24th Apr 2019
Denim Day 2019
Wednesday, April 24th is Denim Day, a worldwide demonstration in support of sexual assault survivors through the adornment of jeans. The movement began in 1999 as a response to the Italian Supreme Court’s declaration that a 45-year-old driving instructor’s violent sexual assault of his teenage student must have been consensual because “the victim wore very, very tight jeans.” The ruling was finally, mercifully overturned in 2008—Denim Day continues as a yearly international protest against the misconceptions surrounding sexual violence.
Victims of sexual assault often experience post-traumatic stress disorder, exhibiting signs of depression, anxiety, and isolation. A child who witnesses these behaviors in a parent might mistakenly (yet understandably) feel as if they don’t care for them, which can be frightening and confusing. This phenomenon, when a parent or guardian’s first-hand trauma begins to impact the child, is referred to as “inter-generational trauma.”
Pathways LA strives to keep all children free of trauma through prevention systems, by using the Strengthening Families framework to increase family strengths, enhance child development, and reduce the likelihood of child abuse and neglect. In cases where the parent themselves is a victim of trauma, such as sexual assault, inter-generational trauma can be alleviated through the Pathways LA trauma-informed care workshop series. These evidence-based, expert-led trainings help childcare providers recognize the signs of trauma in children they care for—this also offers an opportunity for providers to speak with parents to learn more about their circumstances, and refer them to additional support resources as needed.
Trauma occurs when the body can’t cope with a stressor, and the nervous system goes into “fight or flight” mode, maintaining a state of high alert for a perceived threat or attack. This can cause a disruption of the typical functions of the nervous system, often resulting in post-traumatic stress disorder (PTSD).
When survivors of sexual assault experience PTSD, they literally relive the traumatic experience as it comes into their consciousness—it is as if they are still in the traumatic moment, without any control over their body. This can affect every part of their life, causing mood swings, jumpiness, irritability, and insomnia.

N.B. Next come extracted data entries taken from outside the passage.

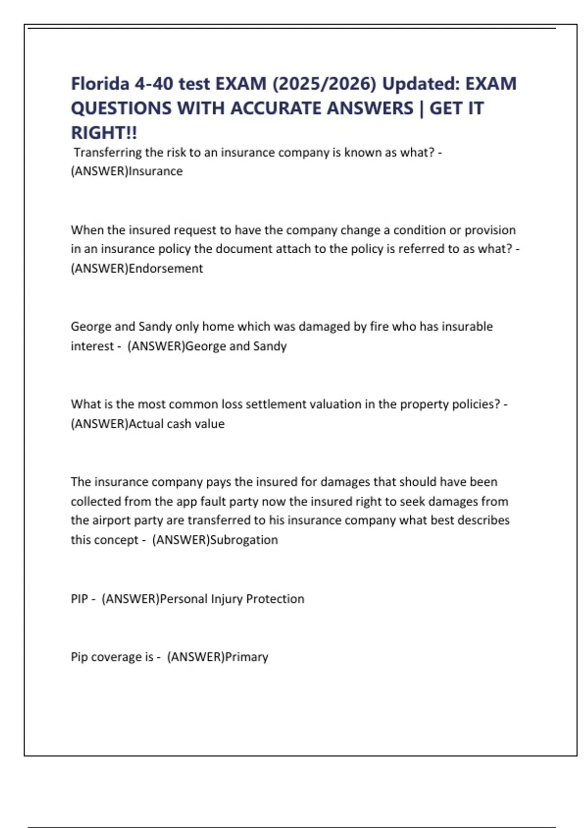 Florida 4-40 test EXAM (2025/2026) Updated: EXAM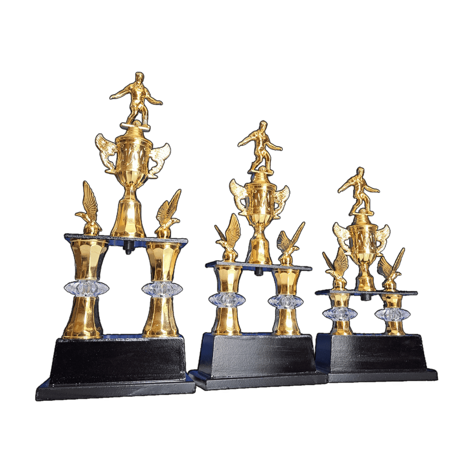 Abadikan momen juara dengan Set Piala “Set-24” yang elegan dan berjenjang. Terdiri dari 3 piala untuk Juara 1 (tinggi 55 cm), Juara 2 (tinggi 47,5 cm), dan Juara 3 (tinggi 43 cm). Setiap piala menampilkan figur plastik kode FG-36 (tinggi 12 cm) sebagai ornamen puncak. Detail emas berkilauan menghiasi bagian atas (kode Tangga dan Body 06) serta pilar bertingkat yang dikombinasikan dengan aksen bening (kode 212) dan base hitam kokoh (kode K2M (PA) tinggi 9 cm). Set piala ini adalah pilihan sempurna untuk menghargai setiap pencapaian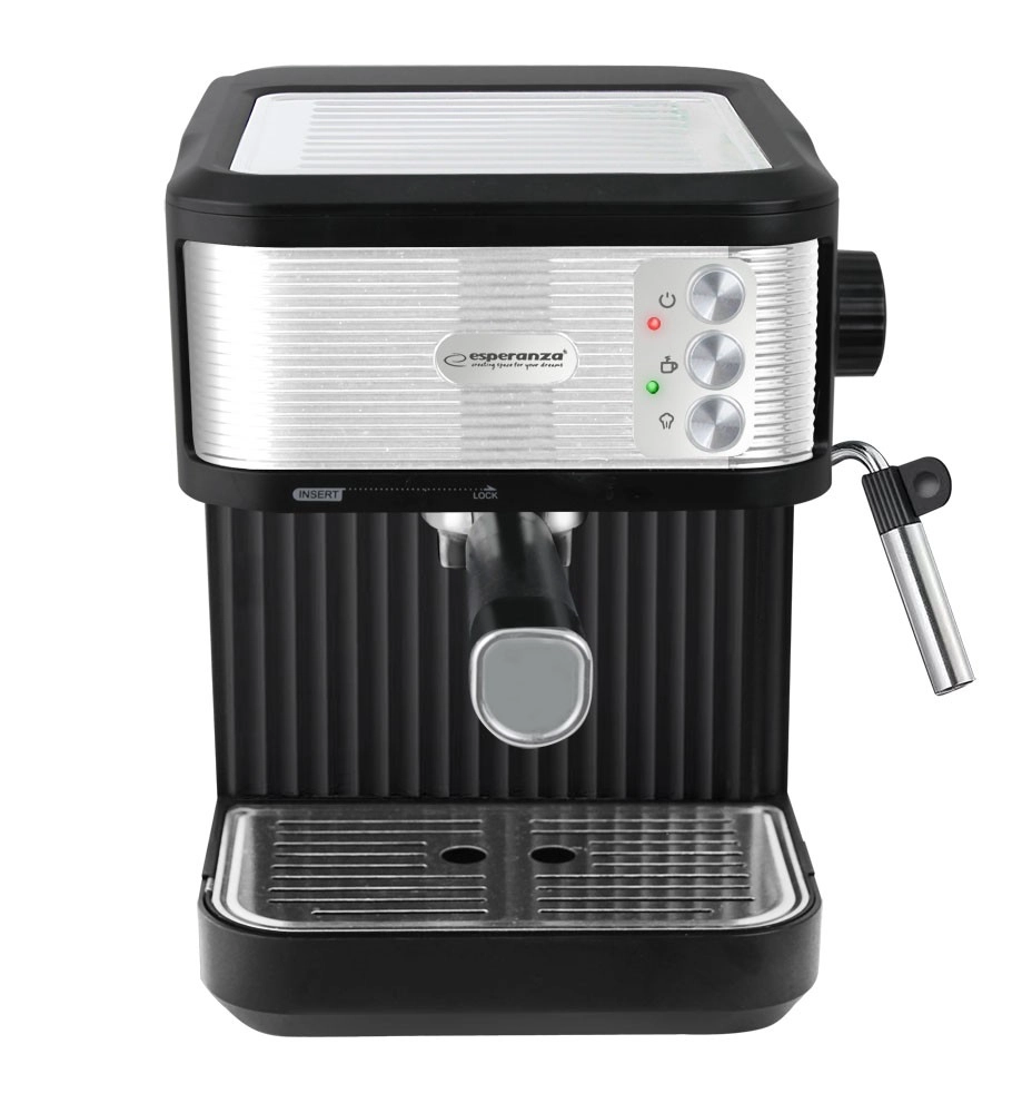 Stilfuld stempel-kaffemaskine Esperanza CATURRA med 20 bar tryk, 1,8 l vandtank og dampspids til luftig mælkeskum. Byder på hurtig tilberedning af espresso, kopvarmer og nem rengøring takket være den aftagelige drypbakke.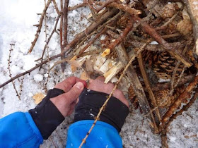 Sous la neige qui tombe toujours, certains profitent d'une pause « réchauffement » entre deux ateliers grâce à un petit feu allumé par des âmes bien intentionnées soucieuses du confort de tous ces champions !
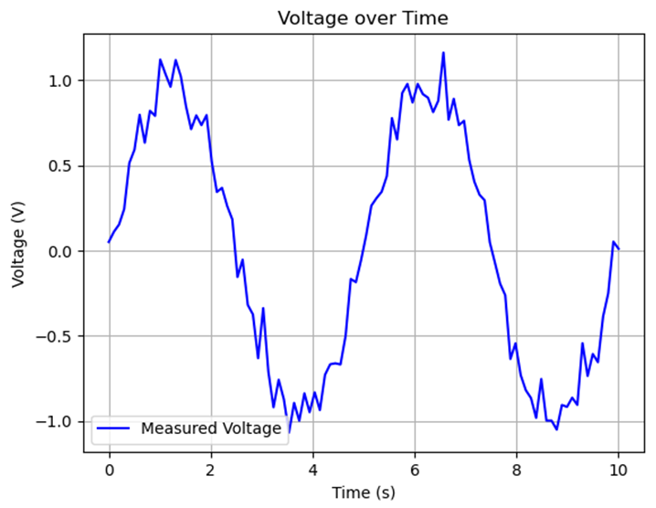 voltage = np.sin(2 * np.pi * time / 5) + 0.1 * np.random.normal(size=100) # 正弦波 + ノイズ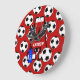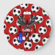 Treat the future soccer star in your life to one of these personalised monogram soccer Wall clocks. Featuring the Letter A with a template for the name to be added . Hanging from the letter A is a pair of soccer cleats, with a initialled water bottle and soccer ball either side. Background feature matching red as in the Initial and black and white soccer balls.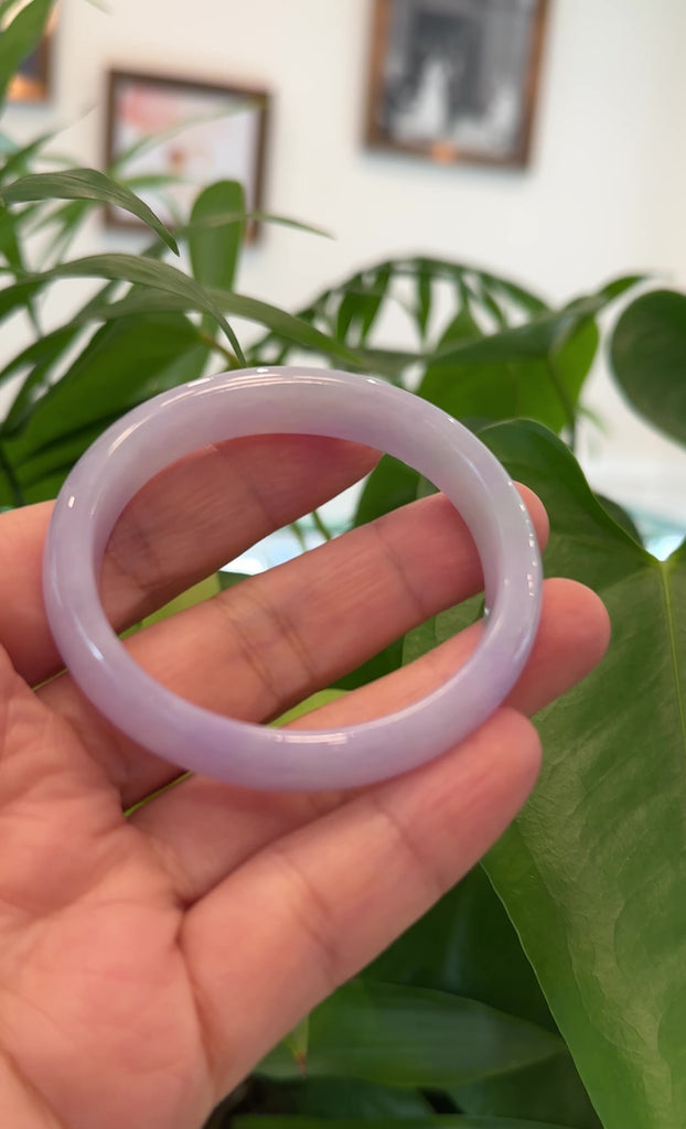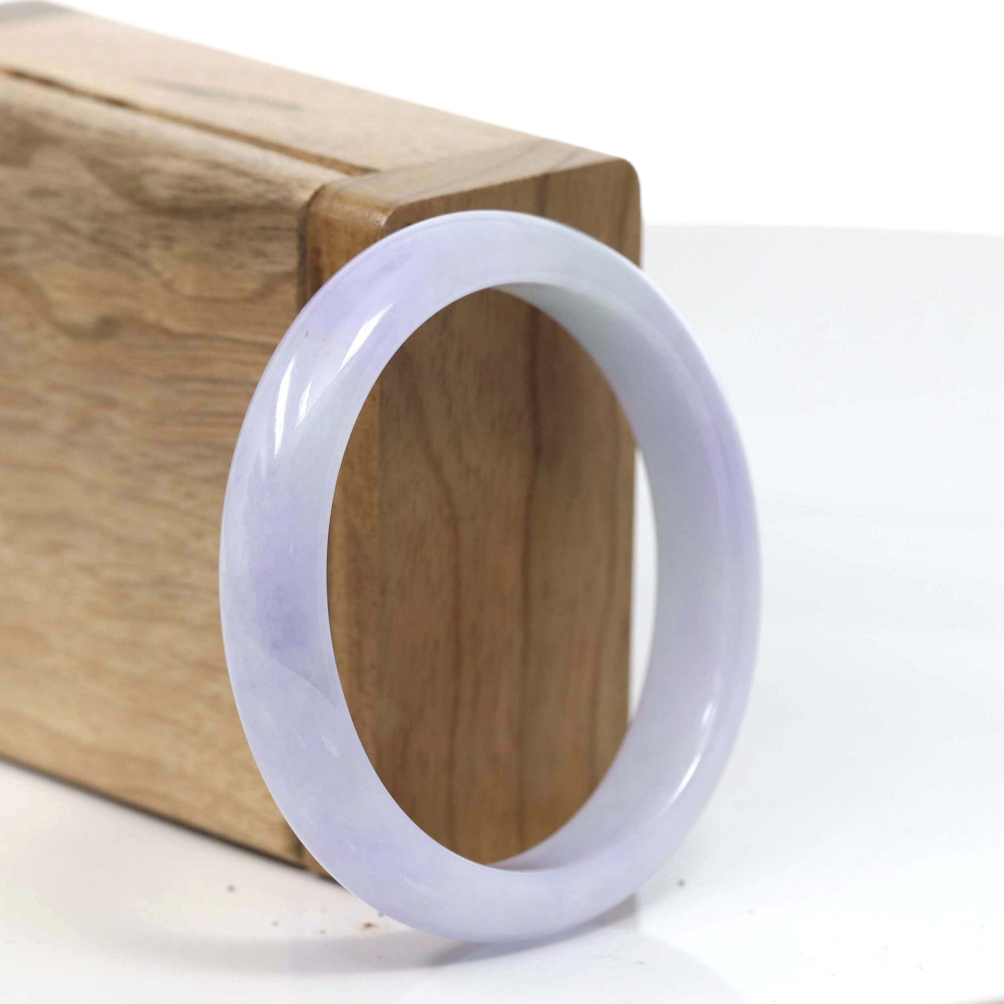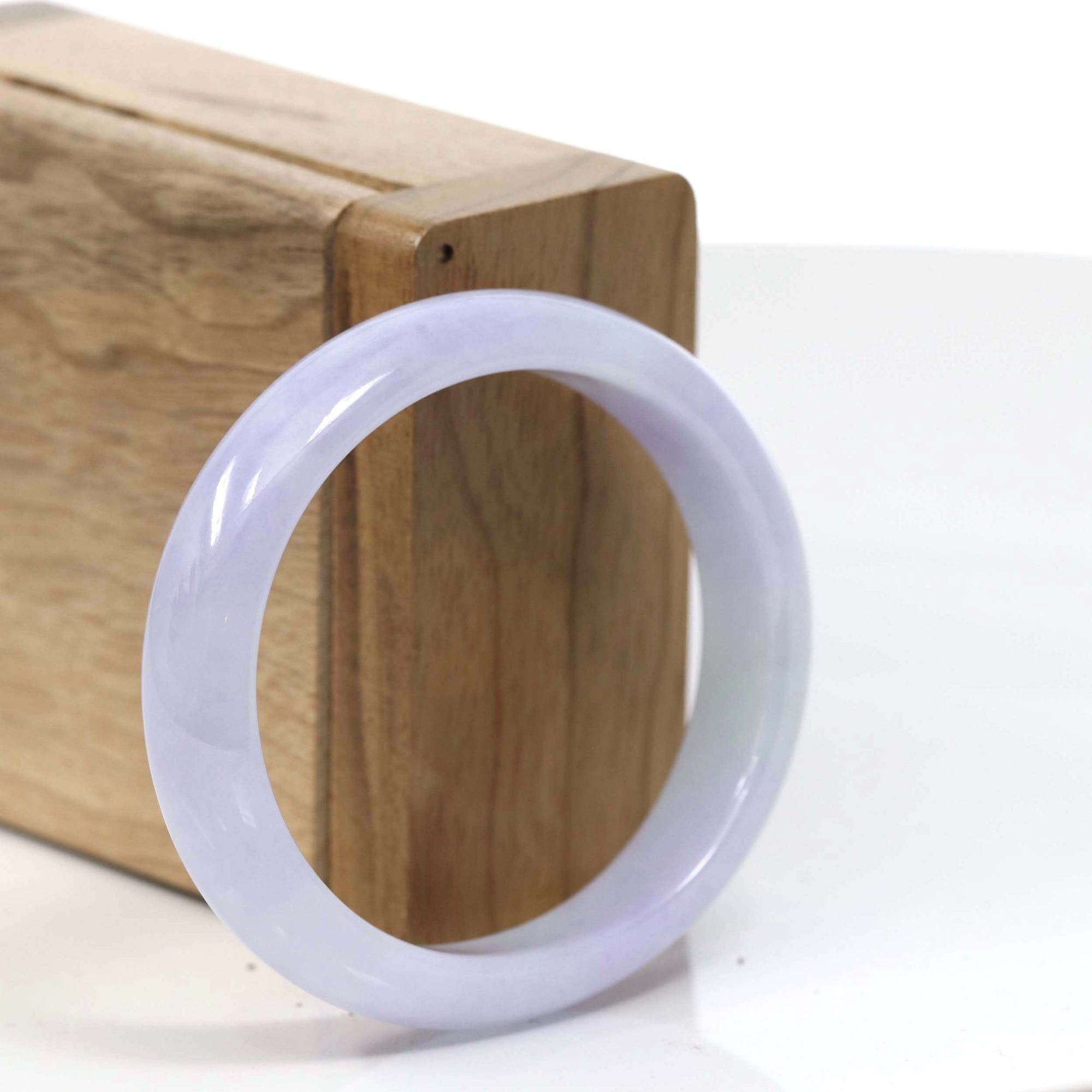 * DETAILS--- Genuine Burmese Jadeite Jade Oval Bangle Bracelet. This oval bangle is made with fine genuine Burmese lavender Jadeite jade. The jade texture is very good and smooth. It is a very luxurious lavender color. Looks so beautiful. It's a Classic half-round comfort oval-style bracelet. Just has a little natural line. Jadeite jade is the toughest gemstone on the planet. People believe that real jade is a lucky gemstone. It's a unique gift for you and your love.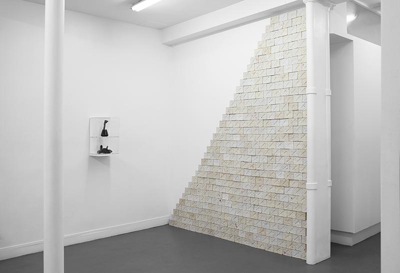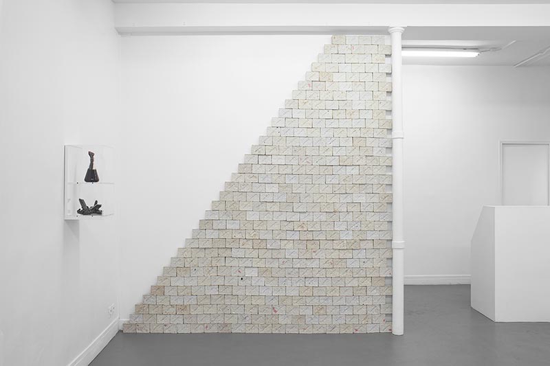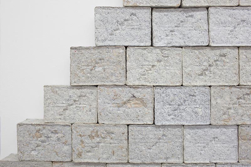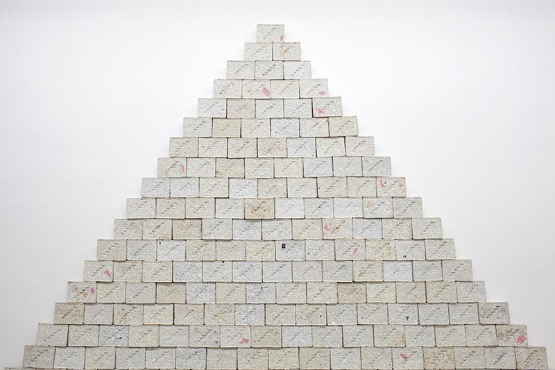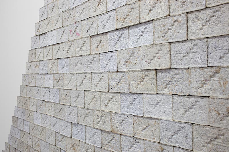 This project is an installation of varying scale, made of paper bricks made of thousands of shredded pages of French and bilingual dictionaries. The bricks are stamped with an Egyptian hieroglyph meaning “to go up”; their arrangement remains open as they are not cemented.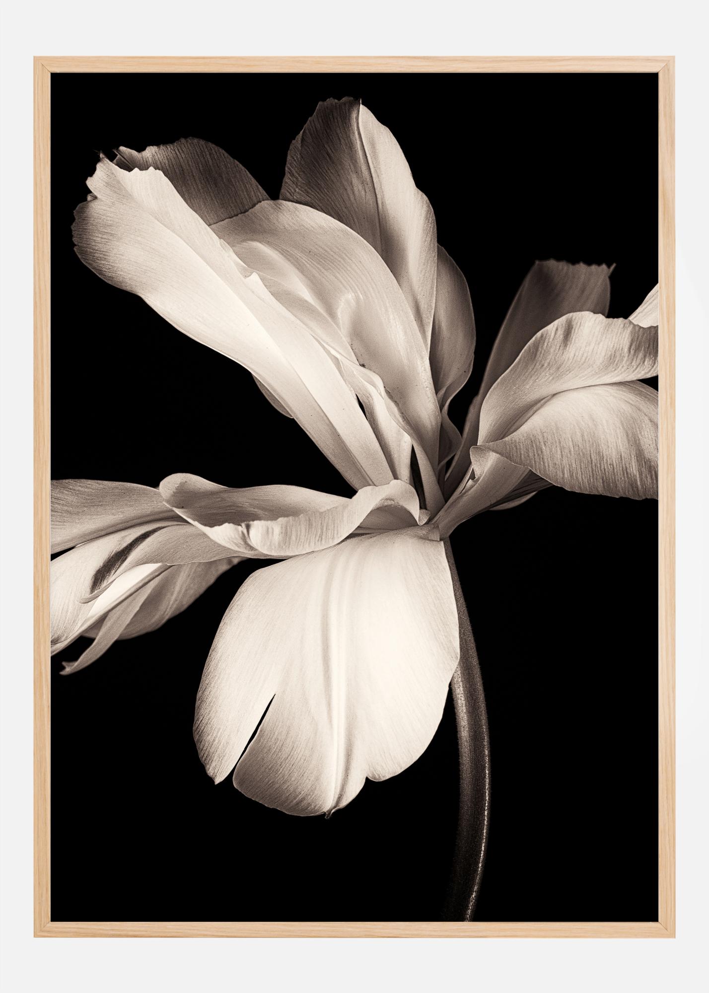 Un poster macro cu o floare și petalele ei. Petalele albe moi și palide se răsucesc și se îndoaie peste o tulpină puternică pe un fundal negru simplu. Obiectivul macro surprinde toate detaliile și face din aceasta o alegere perfectă pentru un entuziast al florilor. Admiră detaliile din această imagine.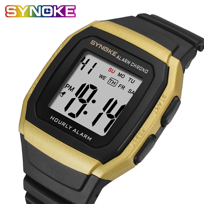 SYNOKE Digital Watch Men Square Simple Fashion Shock Resistant Stop Watch 3Bar Alarm Week Display Man Wristwatch

Those experiencing PTSD while parenting face additional burdens, often attempting to shield their children from the symptoms while suffering in silence. Despite these efforts, many children are able to pick up on parental distress, and that stress can prove contagious. As children try to process stressful situations they often act out, which compounds the challenges for parents, creating a cycle of stress for the entire family.
So what can be done to end inter-generational trauma? Fortunately, research has proven that the pattern can be broken when parents are willing and able to access resources that assist in their individual well-being and the recovery. Pathways LA’s trauma-informed care trainings serve as an important first step in the many multifaceted process of healing and strengthening the family unit.